Imagine a girl who shuffled her feet every time she stood in front of a crowd and stared at the floor as she presented to a room. That was me a few years ago, when I was just entering my teenage years. I struggled to confidently speak to a room full of people, and when I did, it would look like I was ready to cry—or so I’ve been told!
But Toastmasters has definitely changed my life for the better.
My initial exposure to the organization came when I was in the fifth grade. My dad had recently joined the Kennesaw North Metro Toastmasters club near Atlanta, Georgia, in hopes of improving his presentation skills. He asked me to tag along for a meeting since I was so curious about where he went every weekend.
It didn’t take me long at my dad’s club meeting to realize I was the only person under the age of 30, and when I asked him where all the kids were, he said, “This club is only for adults, it’s not for kids.” “But why not?” I quickly asked.
That question prompted the beginning of my journey with Toastmasters youth programs in the Atlanta area. It led to my earning awards in many speech contests as a member of a youth Gavel Club, which was supervised by Victoria Noethling, DTM, a member of three Toastmasters clubs in the Atlanta area. It led to my election as the Gavel Club’s Vice President Education (VPE). It eventually led to me assisting Ms. Noethling in a YLP at my high school so my fellow students could benefit from Toastmasters practice.
Toastmasters has taught me invaluable life lessons that have shaped who I am as a person. Through these youth programs, I learned the importance of perseverance, planning, and confidence.
The skills I developed in Toastmasters have also impacted my experience in other organizations. I have become a more confident presenter in the Distributive Education Clubs of America (DECA), a youth organization centered around presentation and marketing skills.
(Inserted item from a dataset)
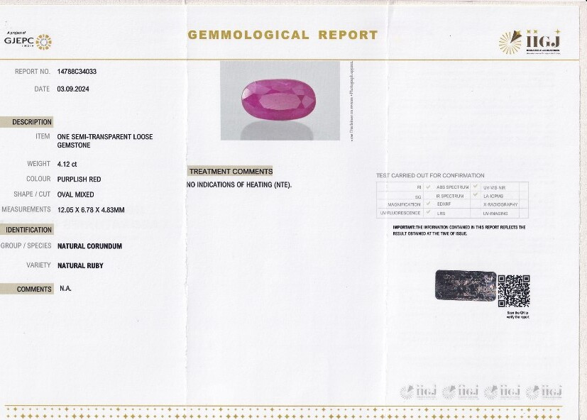 Original Natural Ruby weighing 4.12 Carat (4.58 ratti) From GJEPC lab certified

I have excelled in various public speaking contests, winning multiple awards at the regional levels of the National Optimist Club Oratorical Competition (Optimist International is a service organization), and the National High School Mock Trial Competition.
In mock trial, which I have competed in for three years, students split into plaintiff and defendant teams and prepare for months to argue a case in a real courtroom. As a competitive attorney in mock trial, I have been able to present concise and powerful legal arguments. I couldn’t have succeeded in this without my Toastmasters experience.
As VPE of my Gavel Club, I have also greatly improved my organizational skills. Planning meetings and coordinating speakers have given me organizational and communication abilities that will help me in many other areas.
I have been able to engrave the basic Toastmasters ideals of communication, leadership, and confidence through public speaking into my everyday life. I can proudly say that I am no longer the shy girl shuffling her feet in the corner of the room. Instead, I’m the girl in the center of a crowd speaking her voice with confidence.
Rachita Iyer is a high school senior and lives with her family in the Atlanta, Georgia, area.